F# 180 175 too many characters

This morning I did another version, simplifying the recursive version, but alas due to recursion it wouldn't do the 100000.

Recursive solution:

let rec g m n l =
    if(m = n) then l
    else List.map ((+)"0") l  @ List.map ((+)"1") (List.rev(l)) |> g (m+1) n
List.iter (fun x -> printfn "%s" x) (g 1 (int(stdin.ReadLine())) ["0";"1"]);;

After that was done I created a working version for the "100000" requirement - it's too long to compete with the other solutions shown here and I probably re-invented the wheel several times over, but unlike many of the solutions I have seen here it will work with a very,very large number of bits and hey it was a good learning experience for an F# noob - I didn't bother to shorten it, since it's way too long anyway ;-)

Iterative solution: (working with 100000+)

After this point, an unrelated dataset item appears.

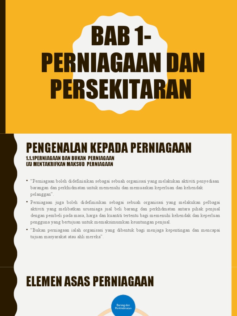 Perniagaan dan persekitaran 1.1 pengenalan perniagaan perniagaan wujud apabila manusia mengkhususkan dalam pengeluaran barangan dan perkhidmatan yang mereka berkemahiran dan cekap.

let bits = stdin.ReadLine() |>int
let n = 1I <<< bits

let bitcount (n : bigint) =
    let mutable m = n
    let mutable c = 1
    while m > 1I do
        m <- m >>>1
        c<-c+1
    c

let rec traverseBits m (number: bigint) =
    let highbit = bigint(1 <<< m)
    if m > bitcount number
    then number
    else
        let lowbit = 1 <<< m-1
        if (highbit&&& number) > 0I
        then
            let newnum = number ^^^ bigint(lowbit)
            traverseBits (m+1) newnum
        else traverseBits (m+1) number

let res =  seq 
            { 
              for i in 0I..n do
                yield traverseBits 1 i
            }

let binary n m = seq 
                  {
                    for i = m-1 downto 0 do
                        let bit = bigint(1 <<< i)
                        if bit &&&n > 0I
                        then yield "1"
                        else yield "0"
                  }

Seq.iter (fun x -> printfn "%s"  (Seq.reduce (+) (binary x bits))) res



回答15:


Lua, 156 chars

This is my throw at it in Lua, as close as I can get it.

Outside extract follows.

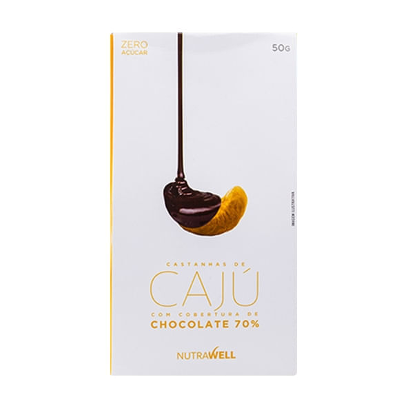 Informações técnicas do produto:<br> Castanhas de Caju com Chocolate 70%, 50g da Nutrawell são pedaços de castanha de caju coberto com chocolate 70% cacau, sem adição de açúcar e adoçantes artificiais. É fonte de proteínas, fibras, vitaminas e minerais. A união dos sabores e benefícios nutricionais do cacau e da Castanha de Caju em um único produto.<br> <br> Recomendação de consumo:<br> Uma ótima opção para ser consumido nos lanches intermediários ou como sobremesa.<br> <br> Informações sobre alergênicos:<br> Não contém glúten. Alérgicos: Contém derivados de soja. Pode conter traços de leite, amendoim, amêndoa, avelã, castanha-de-caju, nozes e pistache. Não contém conservantes. Diabéticos: este produto não contém sacarose. Não contém lactose <br> <br> Por que escolher esse produto?<br> Zero adição de açúcares<br> 70% cacau<br> Sem glúten<br> Sem lactose<br> Fonte de fibras

LuaJIT (or lua with lua-bitop): 156 bytes

a=io.read()n,w,b=2^a,io.write,bit;for x=0,n-1 do t=b.bxor(n+x,b.rshift(x,1))for k=a-1,0,-1 do w(t%2^k==t%n and 0 or 1)t=t%2^k==t and t or t%2^k end w'\n'end

Lua 5.2: 154 bytes

a=io.read()n,w,b=2^a,io.write,bit32;for x=0,n-1 do t=b.XOR(n+x,b.SHR(x,1))for k=a-1,0,-1  do w(t%2^k==t%n and 0 or 1)t=t%2^k==t and t or t%2^k end w'\n'end



回答16:


In cut-free Prolog (138 bytes if you remove the space after '<<'; submission editor truncates the last line without it):

b(N,D):-D=0->nl;Q is D-1,H is N>>Q/\1,write(H),b(N,Q).

c(N,D):-N=0;P is N xor(N//2),b(P,D),M is N-1,c(M,D).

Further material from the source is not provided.